Depreciating rupiah; the Indonesian rupiah has been one of the worst performing Asian currencies so far in 2015 (against the US dollar) and a BI rate cut will put more depreciating pressures on the rupiah. Since the start of 2015, Indonesia’s currency weakened about 5.5 percent against the greenback. Since the US Federal Reserve started to tighten its monetary policy (scrapping the quantitative easing program) there has been bullish US dollar momentum worldwide. High currency volatility has continued into 2015 as markets are unsure when the Federal Reserve will continue to tighten its monetary approach. At this moment many analysts expect to see higher US interest rates in September.
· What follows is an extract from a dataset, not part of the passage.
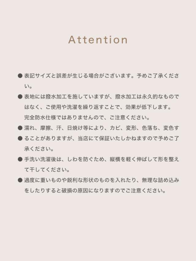 | 注意事項 | ・表記サイズと誤差が生じる場合がございます。予めご了承ください。 ・表地には撥水加工を施しておりますが、撥水加工は永久的なものではなく、ご使用や洗濯を繰り返すことで効果が低下します。 ・完全防水仕様ではございません。 ・手洗い洗濯後は、しわを防ぐため縦横を軽く伸ばして形を整えて干してください。 ・過度に重たいものや鋭利な形状のものを入れたり、無理に詰め込みをすると破損の原因になりますのでご注意ください。 ・商品は、モニターによって色合いが異なって見える場合があります。 ・仕様・デザインは改良のため予告なく変更することがあります。 |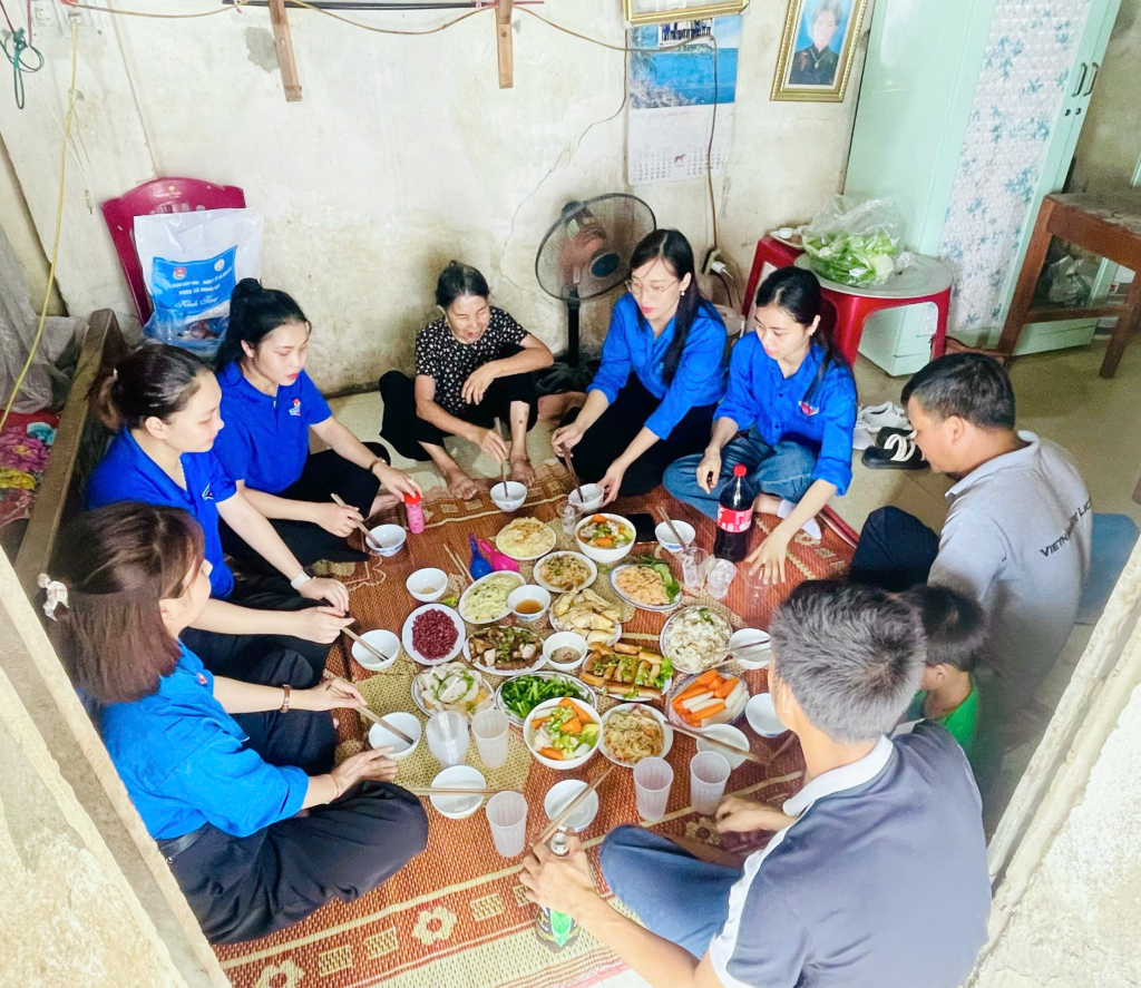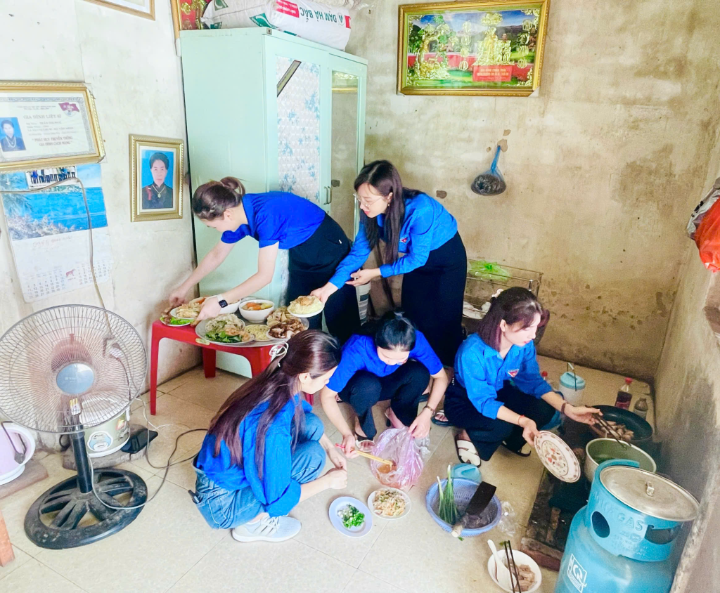 Nhân dịp kỷ niệm 77 năm Ngày thương binh Liệt sỹ 27/7, Đoàn xã Đoan Bái và Chi đoàn Cơ quan Đảng Đoàn thể huyện tổ chức đến thăm hỏi bà Trần Thị Phái (Sinh năm 1944), là vợ liệt sỹ Hà Văn Minh, thôn Đông, xã Đoan Bái. Bà Phái sống một mình trong căn nhà nhỏ nhiều năm nay. Thực hiện một ngày “Cùng ăn, cùng ở, cùng làm”, đoàn viên, thanh niên tổ chức tặng quà, phối hợp khám miễn phí các bệnh về mắt, da liễu, huyết áp cho bà Phái. Bên cạnh đó dọn dẹp nhà, vệ sinh cảnh quan xung quanh nhà, nấu bữa cơm gia đình, cùng trò chuyện, lắng nghe và chia sẻ những khó khăn trong cuộc sống, động viên bà vơi bớt những đau thương, mất mát, sống vui, sống khỏe.

However, this move is US data-dependent and due to mixed US macroeconomic data uncertainty about the exact timing of the Fed Fund Rate hike remains.

Bank Indonesia's benchmark rupiah rate (Jakarta Interbank Spot Dollar Rate, abbreviated JISDOR) depreciated 0.51 percent to IDR 13,183 per US dollar on Tuesday (19/05).

Indonesian Rupiah versus US Dollar (JISDOR):

| Source: Bank Indonesia

In the preceding Board of Governor’s Meeting, Bank Indonesia maintained its BI rate at 7.50 percent, the deposit facility rate at 5.50 percent and lending facility rate at 8.00 percent.

Lastly, the central bank has other strategies to increase liquidity in the financial markets (other than cutting its benchmark interest rate). Previously Bank Indonesia stated that it may relax the loan to deposit ratio (LTD ratio) which means that banks’ credit growth has more opportunity to increase.